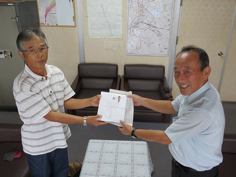 菊川市牧之原の上・下自治会の代表の方と、農村婦人の家の大橋さんが学校に見えました。夏に行われた「牧之原ふる里ふれあい納涼祭」で、チャリティーバザーがあり、その収益金を学校に役立ててほしいと寄付してくださいました。収益金は、牧小で続けている震災募金「11円募金」として東北に一部を送らせてもらいます。また、牧小の子どもたちにもぜひ役立ててほしいということから、子どもたちの読書活動充実のため、本を購入させてもらいます。ありがとうございました。
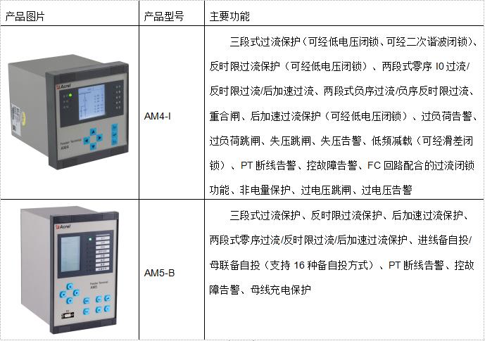 本次針對都安至巴馬高速公路配電工程項目中不同保護對象配置不同微機保護裝置,10kV進線柜、變壓器出線柜均配置AM4-I微機保護裝置;高壓自動轉換開關柜中主供進線配置AM5-B備自投保護裝置,實現兩路進線的自動切換功能。這兩款微機保護裝置主要通過以下保護功能實現對高壓柜的設備運行情況實時監視和保護:
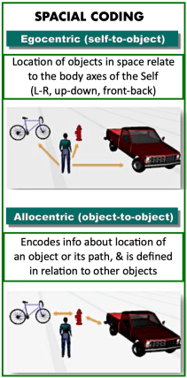 It’s gathered from reference points based on one’s location at the moment. It relies on remembering & recognizing objects that are or were around us which progressively forms a mental image about a place or location. From the ventral premotor cortex.  (Allo = Different, Other)
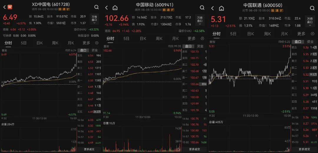 三大电信运营商尾盘异动,中国电信、中国移动、中国联通收盘集合竞价大幅拉升,中国电信大涨6.57%,竞价拉升涨幅近3%。
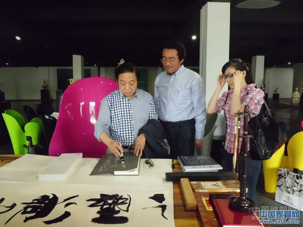 由于時間關(guān)系,韓先生一行只參觀了兩個展廳,意猶未盡的韓先生見書案上準(zhǔn)備好了筆墨紙硯,走上前,提筆揮毫,為坪山雕塑藝術(shù)創(chuàng)意園題寫了園名。
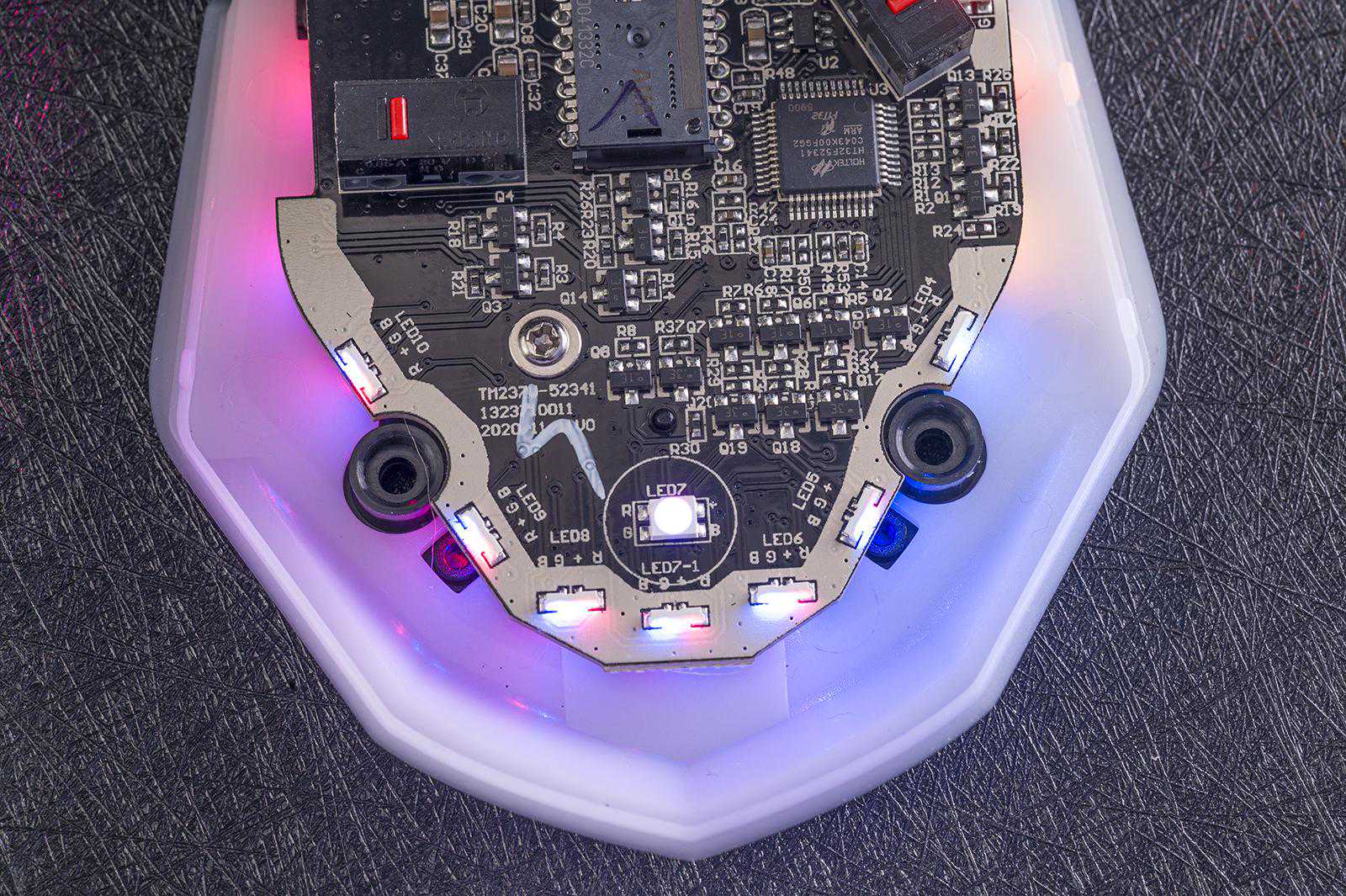 内部的做工也不错,大厂范儿,八颗发光LED有点帅,配合驱动还能玩出更多个性设置。
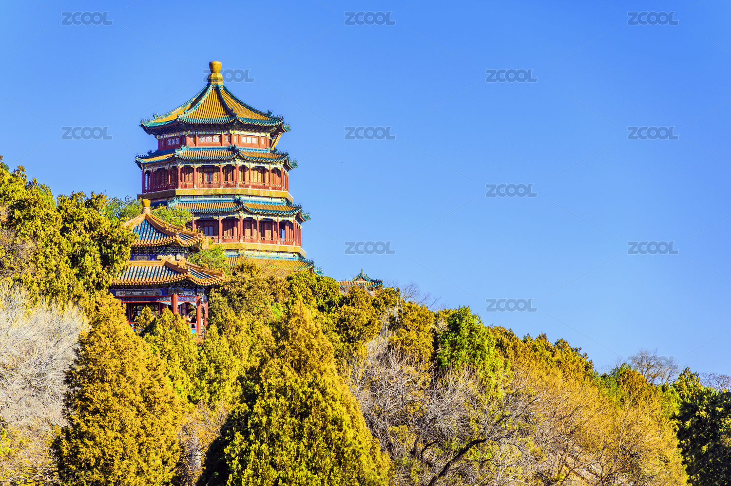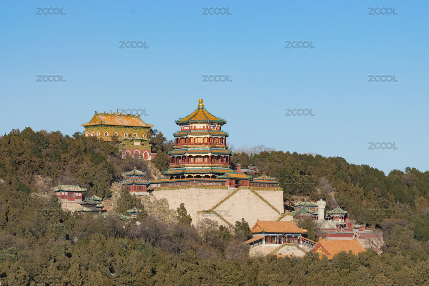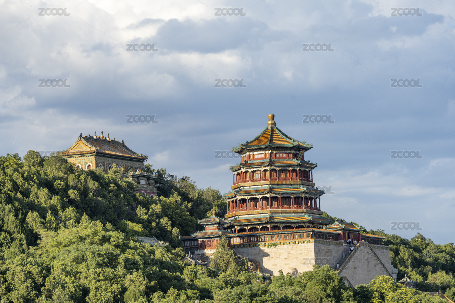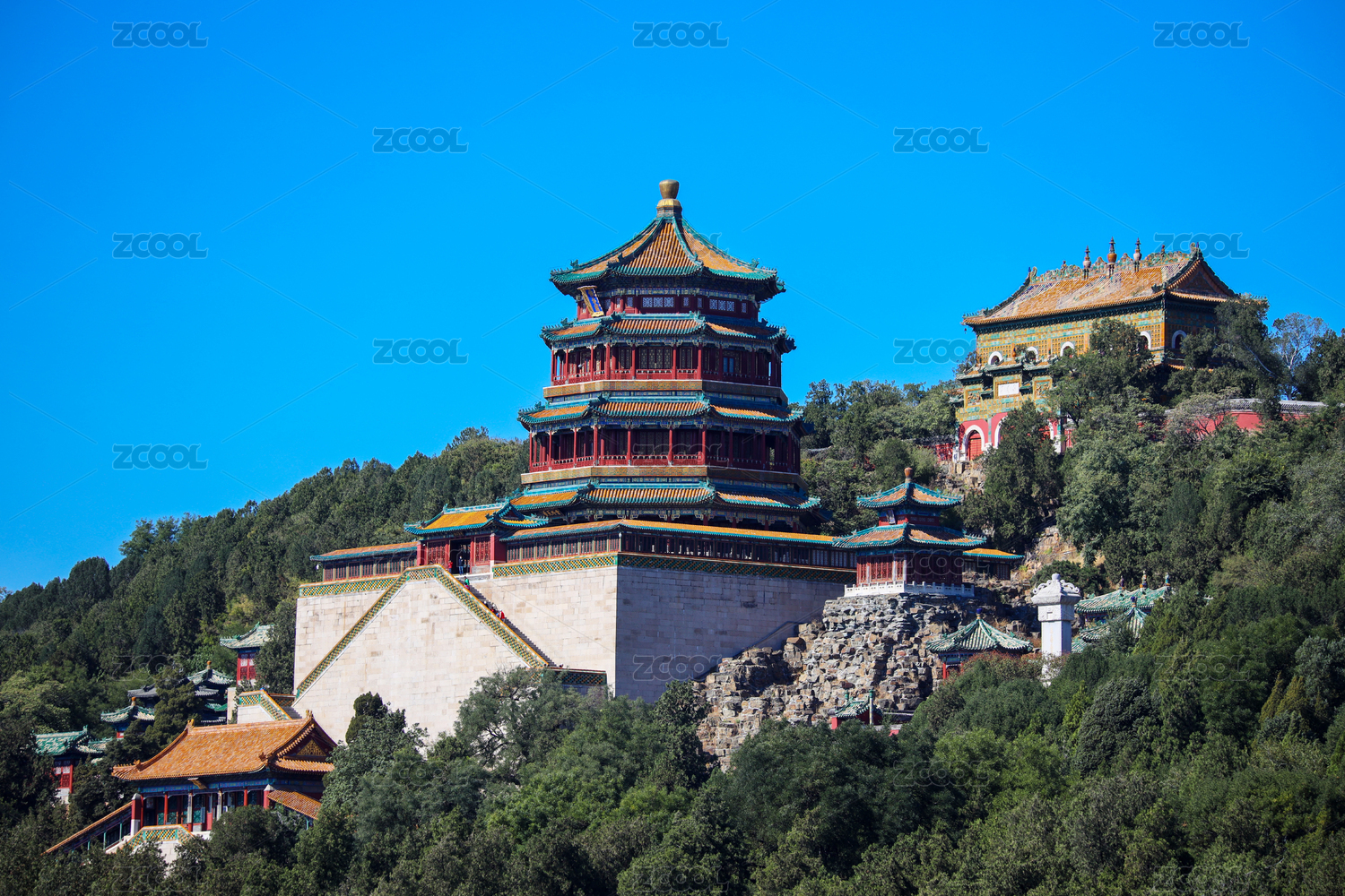中国北京颐和园中万寿山顶的佛香阁和智慧海

:: Exercise brief ::
Each line from the one that holds "由于時間關(guān)系,韓" through the end of the material should be repeated exactly, and nothing more. Leave out any picture.

:: Task result ::
 由于時間關(guān)系,韓先生一行只參觀了兩個展廳,意猶未盡的韓先生見書案上準(zhǔn)備好了筆墨紙硯,走上前,提筆揮毫,為坪山雕塑藝術(shù)創(chuàng)意園題寫了園名。
 内部的做工也不错,大厂范儿,八颗发光LED有点帅,配合驱动还能玩出更多个性设置。
中国北京颐和园中万寿山顶的佛香阁和智慧海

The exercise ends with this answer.